This is especially true in marketing. Marketers have long known that a deep and thorough understanding of their customers can help them develop marketing messages and materials and select the right channel to drive their messaging home most effectively. But AI can do that and more. AI can leverage data—lots of data—to do things more quickly, more accurately, and more cost-effectively than humans ever could.

In fact, sometimes AI yields some very surprising results. Simran Cashyap, head of product and design at Echobox, a company that uses AI to generate and streamline marketing content for social media and content distribution, recently had such an experience. Cashyap noticed that Echobox’s AI had scheduled a post for one of its publishing clients to go live in the middle of the night, defying standard marketing best practices. Despite thinking the AI had made a mistake, he let the portal do its job.

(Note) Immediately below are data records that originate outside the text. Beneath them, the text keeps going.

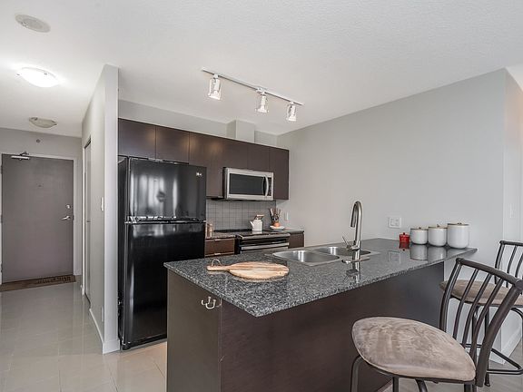 This spacious two bedroom, two bathroom home offers 912 square feet of modern living $14,000.00 Hunter Douglas blinds California Closet organizers New flooring and paint . Designed with both comfort and style in mind, the open-concept layout seamlessly connects the kitchen, dining, and living areas, creating an inviting atmosphere that’s perfect for everyday living or entertaining. Large windows fill the space with natural light, while the functional kitchen features sleek finishes and ample storage. Both bedrooms are generously sized, with the primary bedroom offering the privacy of an ensuite. A well-thought-out floor plan ensures optimal use of space, providing comfort and convenience for its residents. Set in a well-maintained concrete high-rise with amenities at your doorstep.
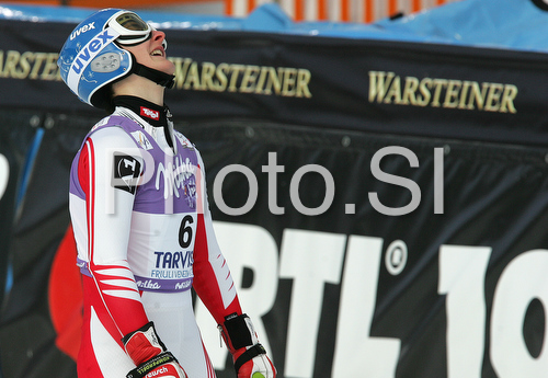 : Fourth placed Kathrin Zettel of Austria reacts in finish of Women Super-G race of Tarvisio Audi FIS Ski World Cup 2008-09. Downhill race of Women Audi FIS Ski World Cup 2008-09 was held in Tarvisio, Italy on Sunday, 22nd of February 2009.
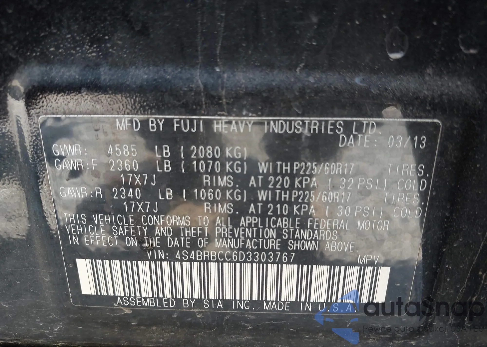LOT: 42998365 VIN: 4S4BRBCC6D3303767
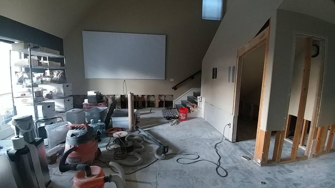 Ok we are finally rebuilding our home after our house flooded on June 21st. I am taking advantage and running wires behind our viewing wall in order to move HT equipment to a closet under stairs that are off to the right side of living room. Attached is a pic of my living room. My wife would like no wires showing and her preference would be no speakers showing as well. I told her that the only wires will be from wall to speakers.
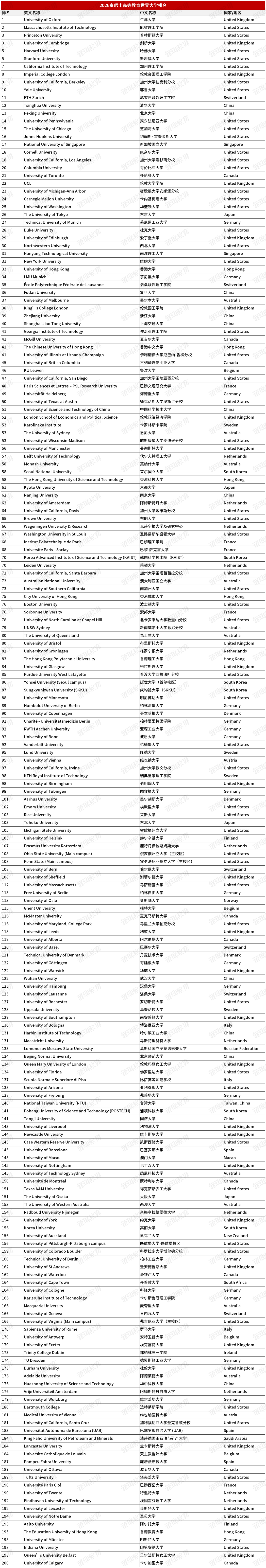 浏览:3205 编辑:小d 来源:博彩平台大全公众号来了!泰晤士高等教育(THE)2026年世界大学排名新鲜出炉!
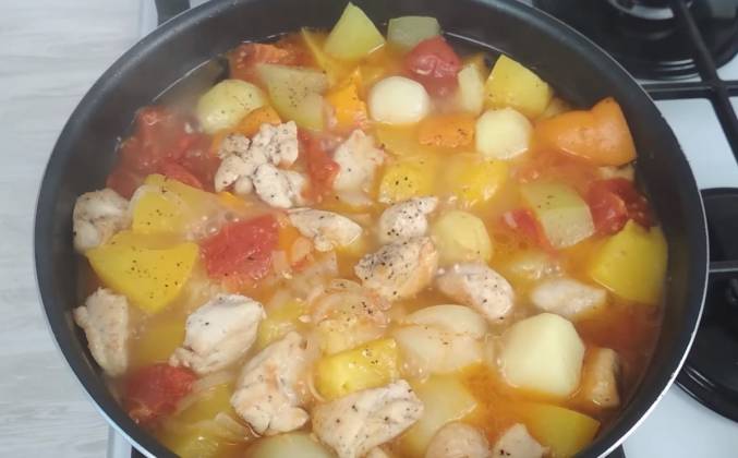 2. Дальше тыква, не удивляйтесь. Картофель молодой, достаточно мелкий беру, чтобы его не резать, а целиком использовать. Помидоры, несколько штук, кабачок. Все ингредиенты порезаны достаточно крупно, чтобы они не сварились в кашу, а остались красивыми и яркими. Перец тоже свой, Оранжевое чудо. Теперь чуть-чуть перемешаем, чтобы лук, который мы положили первым, он там уже в масле начал обжариваться, чуть-чуть перемешаем. Кладем соль по вкусу. Если хотите, то еще добавьте перец. И вольем немного воды, ну, буквально 0,5 стакана, можно даже и меньше, потому что овощи тоже нам дадут сок. Сверху выкладываем курицу.
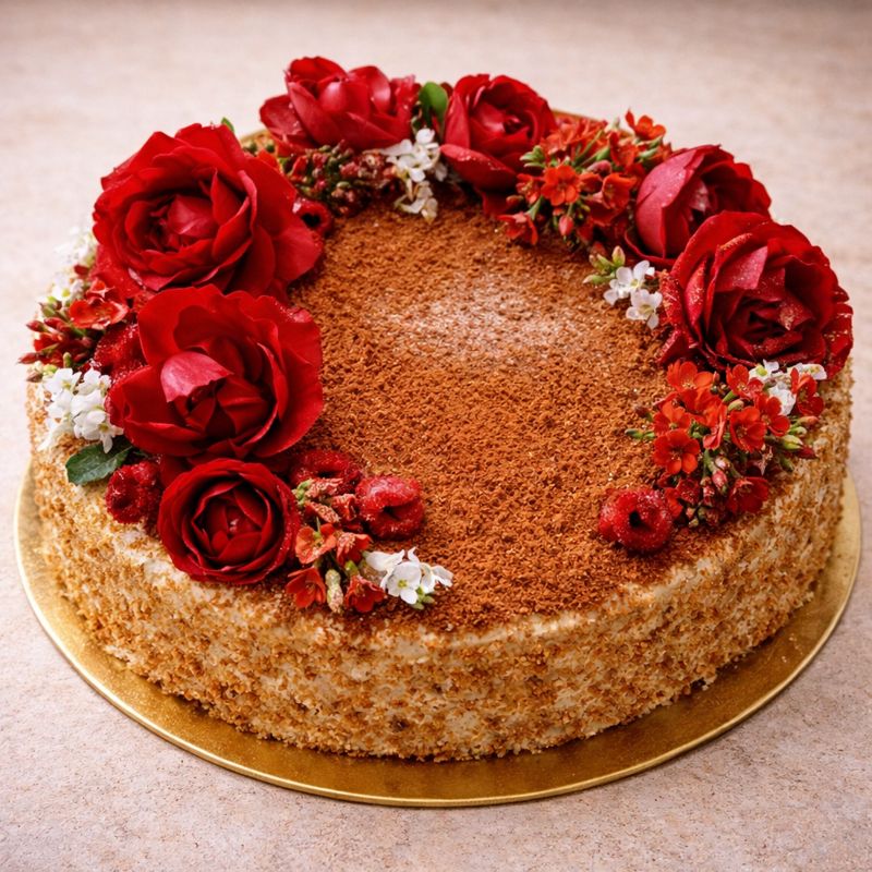 Sastāv no kārtaina medus biskvīta, kas sajauktas ar skābā krējuma krēmu.

The result: It was one of the highest-performing posts he’d recently seen.

In considering why this occurred, Cashyap realized that the post, which was related to the British Royal family, would have a significant international audience playing out across various time zones. It’s an example of how AI can take trends and data into account that the average human is likely to miss.

That’s just one example of the role AI can play in helping marketers create and distribute marketing materials for better results. AI, says Paul Taylor, chief marketing officer of SS&C Blue Prism, is already being leveraged in narrow applications like digital advertising placement, sales forecasting, customer service chatbots, and scheduling content through marketing funnels with tools like Marketo. And Salesforce, of course, has been a go-to marketing automation tool for years now—a key tool in most marketers’ toolboxes.

Nadia Gonzalez, chief marketing officer at Scibids, offers another example related to media buys. “Consider a campaign that needs to deliver 200,000 impressions each day with an average CPA [cost per action] of $27,” she suggests. “It appears that local daytime hours perform better than evening hours, with

a daytime CPA of $24 and an evening CPA of $43. A logical conclusion would be to stop the evening campaign delivery but, believe it or not, that would make it worse—increasing total CPA from $27 to $31. Why? Because constraining the terms for the AI forces it to buy from a more limited pool, including lower-quality ad impressions during the day it would have otherwise refused, and that would be worse than night impressions.”

Increasing the available volume of impression opportunities instead of restricting them as a human might do, Gonzalez says, allows the AI to be more selective in its choices. “AI designed to compute optimal media prices with all available data will outpace and outperform human guesswork,” she says.

But AI has applications that can go beyond simply automating tasks. Marketers are discovering ways to leverage AI to help them be more strategic in targeting specific messages to specific audiences through the channels that are most likely to reach and resonate with them.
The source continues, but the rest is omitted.